The Trap of Resistance and the Freedom Beyond Stay or Leave
The Mystery of What Is Always Here
July 3, 2024
dialogue

The Trap of Resistance and the Freedom Beyond Stay or Leave

La trampa de la resistencia y la libertad más allá de quedarse o irse

A student describes feeling trapped in an unwanted conversation with a neighbor, leading to an exploration of how the superficial mind frames experience as "wrong," and how creative engagement can break familiar energetic patterns.

The Trap of Resistance and the Freedom Beyond Stay or Leave

A student describes feeling trapped in an unwanted conversation with a neighbor, leading to an exploration of how the superficial mind frames experience as "wrong," and how creative engagement can break familiar energetic patterns.

That is exactly how the superficial mind works. It is going to be looking for what's wrong, convincing itself that it's right, and then producing a very clear, certain path toward a solution or an answer about what to do.

I was not conscious of that before you said it just now so clearly.

It starts from that sense that what is happening now is not okay. There is something wrong, and it has to be different. Then, only through thinking, by going into the world of contracted thought, can we try to manipulate what is for it to become what it should be.

The real source of discomfort

For example, what was going on for me was that while I was with my neighbor, I was trying to figure out what I was feeling. I thought what was wrong was the fact that I was talking to her. But actually, what the mind was registering as wrong was more a sensation of resistance, and this is what I was not seeing. What makes it so clear now is that the resistance itself is what I was rejecting. It was not even so much the interaction with her. There was a desire to end the conversation quickly and go back home to get ready for the satsang. But what was really bothering me was the resistance. It comes back to what we discussed last time: this feeling of discomfort in the body that you clearly want to reject and stop.

Yes.

And what we are suggesting now is that either you just go with it and stop the conversation and that's fine, nothing is wrong. Or you take a little bit of time and go a little deeper to investigate whether it is just habit, whether maybe it can simply shift, but without wanting to change anything. Just looking at it.
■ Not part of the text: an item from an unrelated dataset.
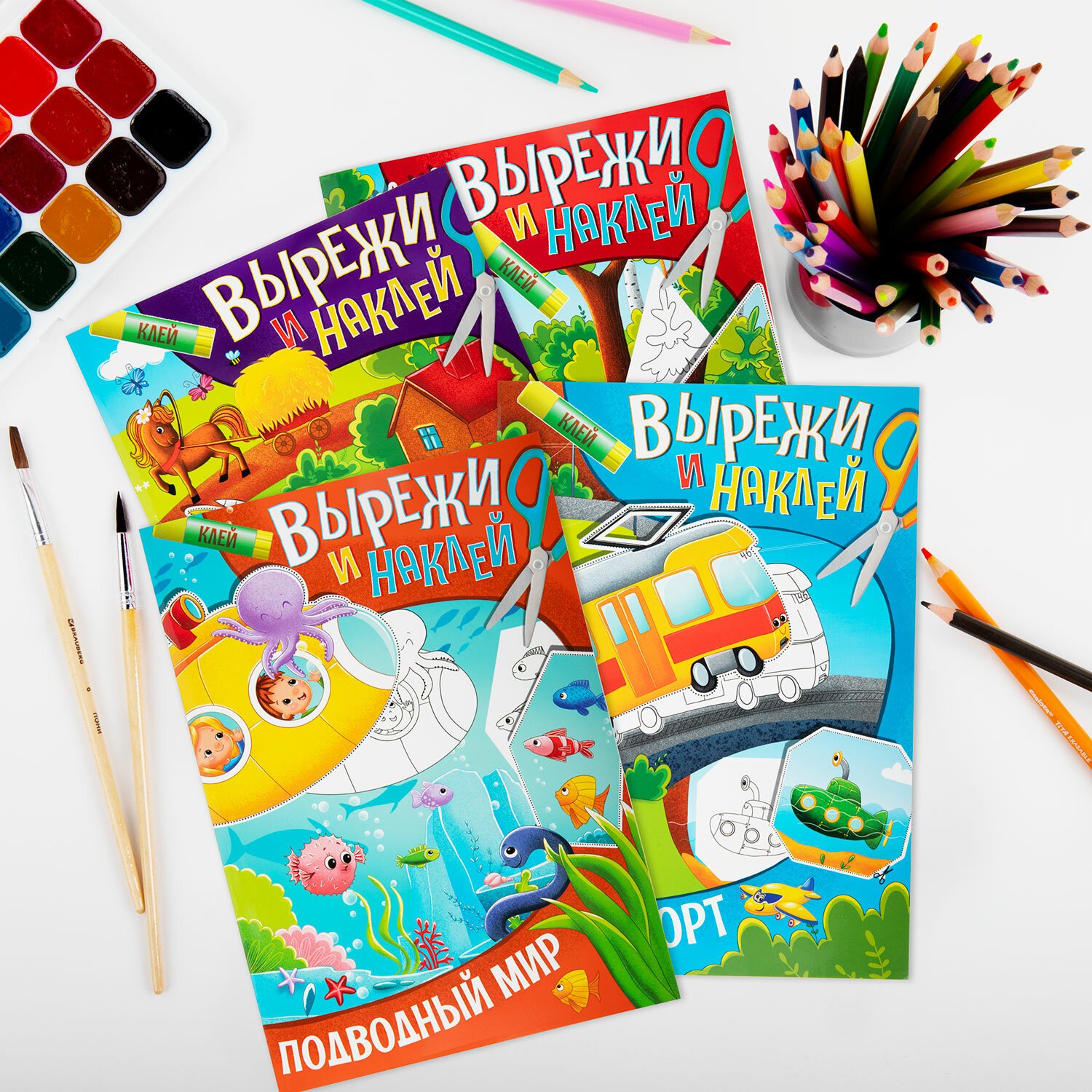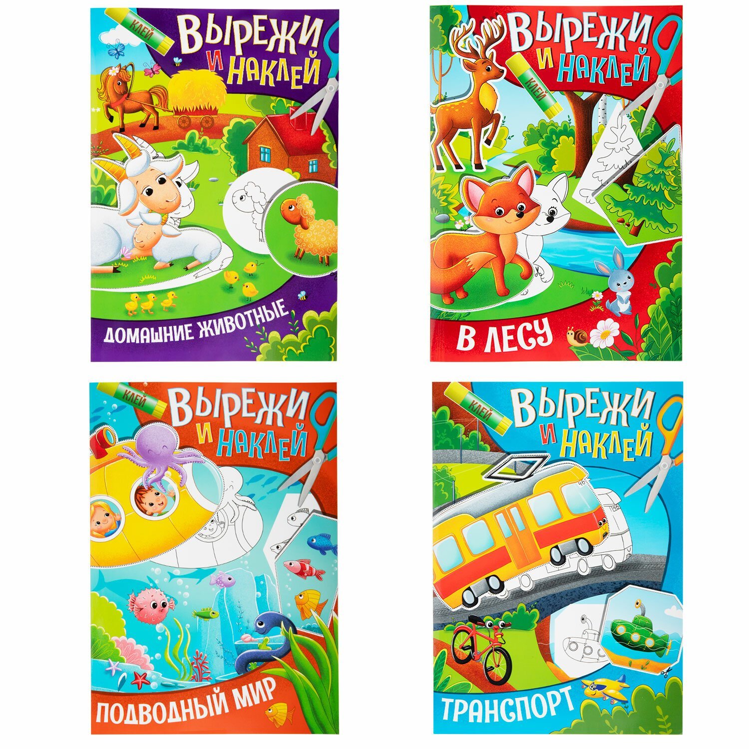 Возьмите ножницы и клей – и творите в удовольствие! В серию "Вырежи и наклей" вошли четыре брошюры: "В лесу", "Транспорт", "Домашние животные", "Подводный мир". В каждой – по четыре тематические картины, которые ребенок дополнит деталями, вырезанными самостоятельно (они вынесены на отдельные страницы). Таким образом, из его рук выйдет новая яркая книжка!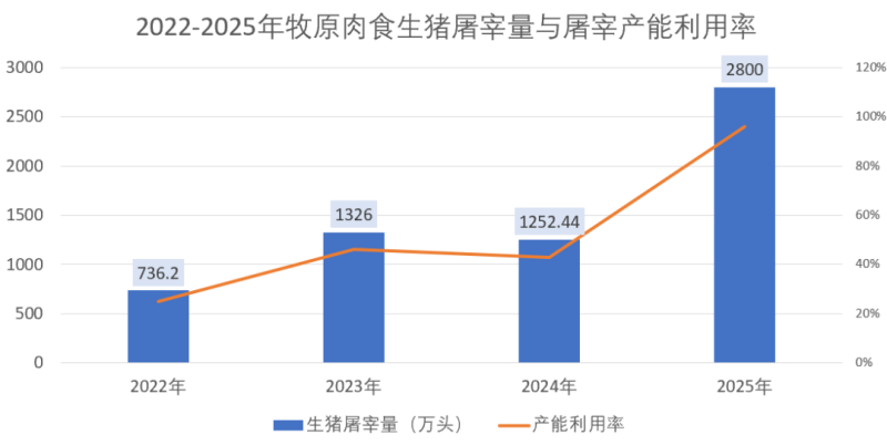 图4 2022-2025年牧原肉食生猪屠宰量与屠宰产量利用率

Resistance as a wave to surf

Just one more thing. When you experience resistance as something wrong, instead try to look at it as a new wave. Surf with that sensation. Experience the resistance instead of saying it's wrong and it needs to be this way or that way.

That metaphor is very helpful. I'm going to use it.

I'm curious about what was just said about the neighbor, because I think there is a similar thing for me. When someone over-talks, it feels like you are being penned in by the talking. There is a wall of noise. It is definitely a pattern for me. Should I go into the resistance of that? This feeling that I'm being penned in?

No, more likely you need to speak up, or leave, or be more active in the conversation.

I feel like I do those things, maybe too subtly, maybe too politely. I start walking away, and then there is more chat.

Start walking away as a new behavior, yes.

It's just too polite.

Beyond the binary of stay or leave

We often ignore what I am calling this deep desire. It might be experienced as something we know as discomfort. I might be feeling "I don't want to be in this conversation," and yet I stay there, against what I deeply want. But this is where it gets very creative. There are not only two options: stay or leave. That is limited thinking. You could start dancing. You could start singing. You could talk about the birds. You could do a million different things, not just stay or leave, not just listen passively or walk away, not just be rude or polite.

I like the idea of just starting to dance or sing.

But it feels like the other person is energetically saying "don't leave me." There is a personality that goes, "If I just keep talking to you, you can't move."

The energetic you co-create

A hundred percent true. They are doing that. It is a form of manipulation. It is very normal. It is not a bad thing in a sense. It is just very normal energetically. There is an emotional attachment, and their whole energy, with their attention, with their gaze, with the conversation, is wanting you to be there in a certain way and respond to them in a certain way. You don't necessarily have to completely cut off and walk away. That might be the right option, but another could be to break that energetic. For example, start dancing. I am using that as a ridiculous example, but you can participate in that energetic in a way that is creatively undoing it. Often, though, you simply do walk away. It all depends. If you are with a client in a therapy session, you probably should not just walk away. But you could roll your chair back. You could play with it. Also notice that if this is happening to you a lot, there is an energetic that you are participating in. You are co-creating it.

It is like my quietness attracts it.

Then you can find ways to play with it, to change it, if you are still wanting to engage. But maybe you don't, and it is more appropriate to disengage.

It is like feeling their anxiety, I suppose, and then I feel anxious as well.

Exactly. Then you own that. In a sense, you probably feel somewhat responsible for it: for doing something, for helping, for supporting, for resolving or managing it. But if it is their anxiety, it is not your problem. However, if it activates your anxiety, now it is a match, and you get stuck.